Pinnick Kinnick Hill: An American Story
A first-person narrative written by the American-born son of an immigrant from Asturias, in the north of Spain, Pinnick Kinnick Hill is partly a memoir and partly fiction. It is the story of the Villanueva family and of their countrymen, and how they come to a small town in West Virginia at the beginning of the 20th century to take jobs as zinc smelters. The horrible working conditions, the discrimination they suffer, their spirited response (labor organizing) and their eventual assimilation make for an interesting tale.
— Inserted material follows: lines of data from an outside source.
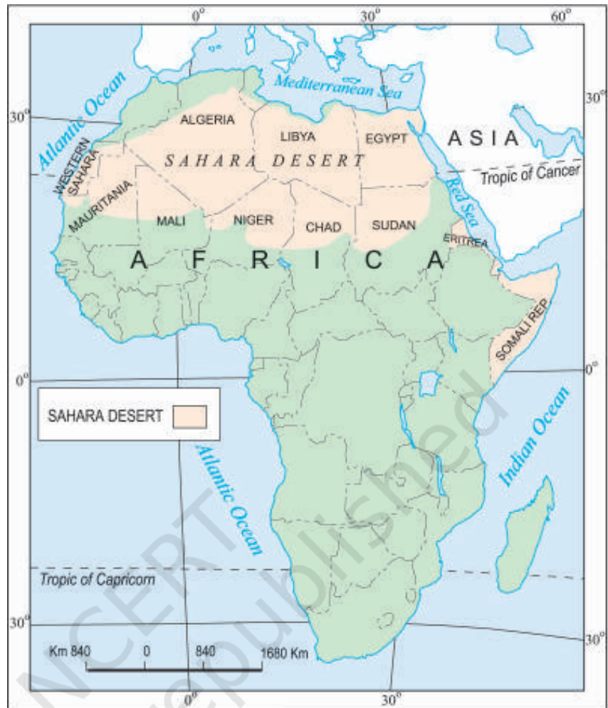
Fig. 7.2: Sahara in Africa

You will be surprised to know that present day Sahara once used to be a lush green plain. Cave paintings in Sahara desert show that there used to be rivers with crocodiles. Elephants, lions, giraffes, ostriches, sheep, cattle and goats were common animals. But the change in climate has changed it to a very hot and dry region.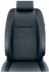
Dark grey with PVC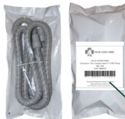
CPAP Kit Sample

Unfortunately, the book’s fictional façade crumbles quickly. At the end of the 19th century, over sixty percent of Spanish males and four-fifths of females were illiterate. Yet, Juan, the son of a fisherman, the book’s main character, is not only able to read and write in his native Spanish, but he speaks English fluently. The Villanuevas are so lucky that they travel across the Atlantic first class, and they breeze through Ellis Island. The book is on much firmer ground when the author describes the problems facing his community, and, especially, the grueling work at the furnace.
Although Pinnick Kinnick Hill was originally written in English, it is accompanied by a Spanish translation. In the foreword, the reader learns it has been translated into “the Spanish this Asturian community might have used.” And the translation is flawless. Only in the Spanish text there is not a shadow of Asturianu or Bable, or of Astur-Galician, the very distinct languages of that region of Spain. More puzzling yet are wrong usages and misspellings in the Spanish words sprinkled in the English text (“Hay!” instead of “¡Ay!” for example), misspellings that appear correctly written in the Spanish pages.
Of interest to local or labor history researchers, not for a general audience.